#### Directions for this task:
Please transcribe the lines below exactly, and leave every image behind.

#### Raw data:
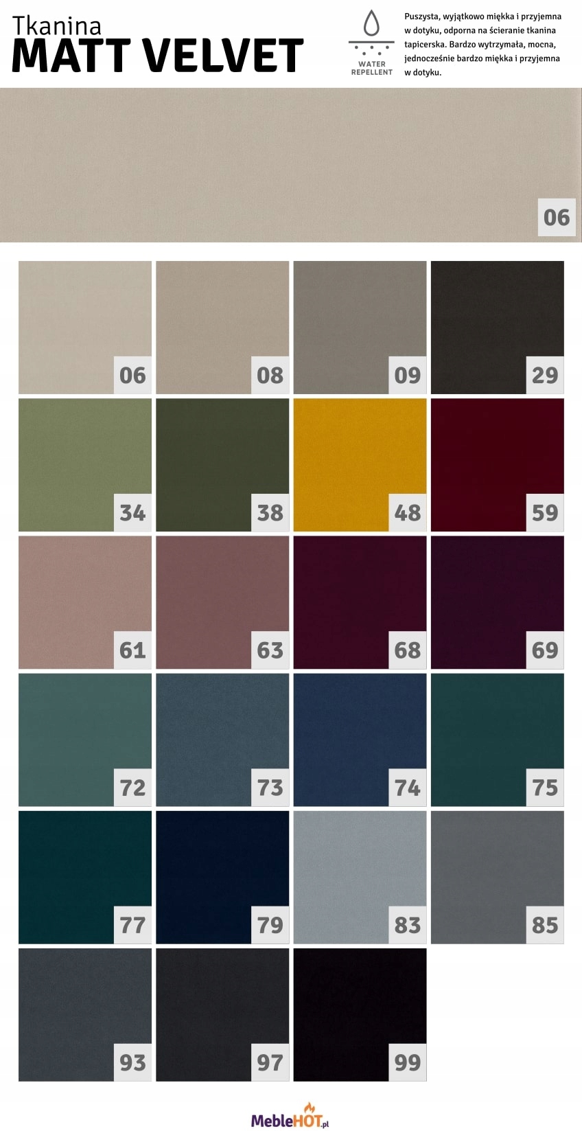 Dostępne do wyboru tkaniny znajdują się poniżej (nazwę wybranej tkaniny prosimy podać w informacjach dla sprzedającego).
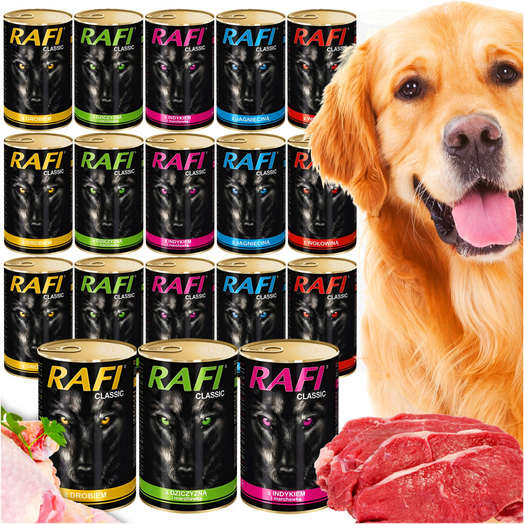 ⭐Karma dla psa RAFI CLASSIC kawałki w sosie 1240g - 18 puszek⭐
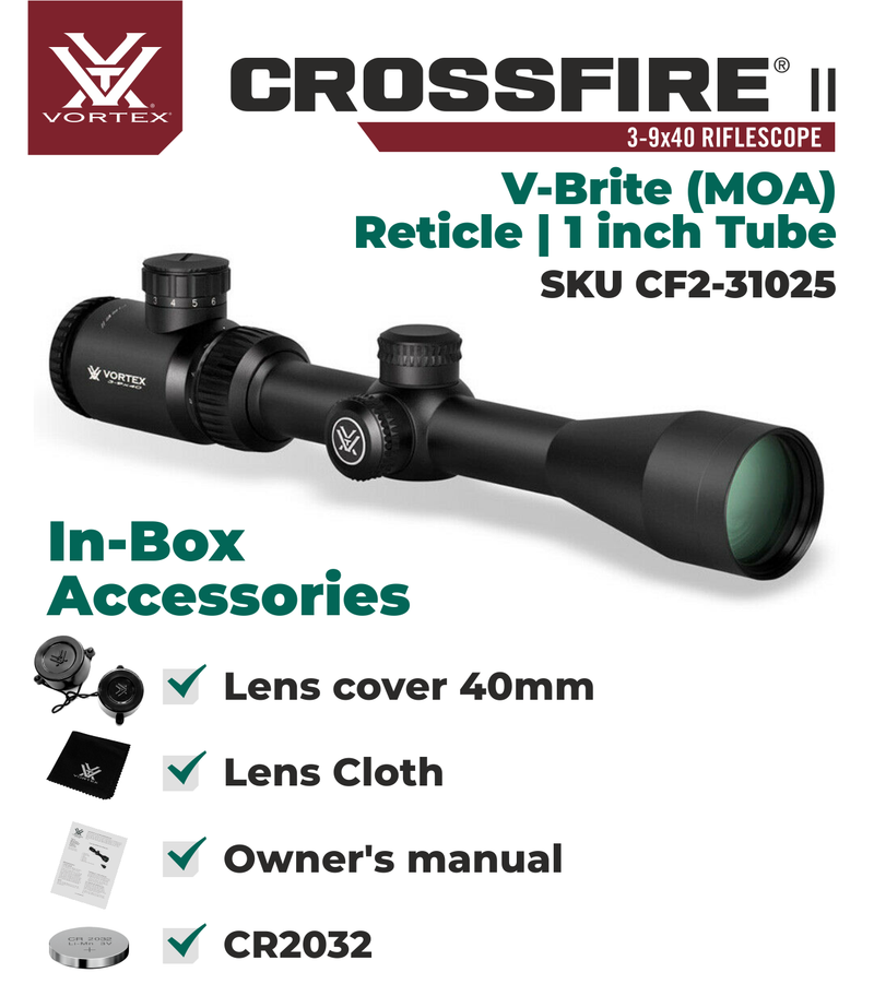 In The Box Vortex Optics Crossfire II 3-9x40 SFP Riflescope V-Brite Illuminated MOA with Wearable4U Bundle (May Vary)

#### Result of the exercise:
 Dostępne do wyboru tkaniny znajdują się poniżej (nazwę wybranej tkaniny prosimy podać w informacjach dla sprzedającego).
 ⭐Karma dla psa RAFI CLASSIC kawałki w sosie 1240g - 18 puszek⭐
 In The Box Vortex Optics Crossfire II 3-9x40 SFP Riflescope V-Brite Illuminated MOA with Wearable4U Bundle (May Vary)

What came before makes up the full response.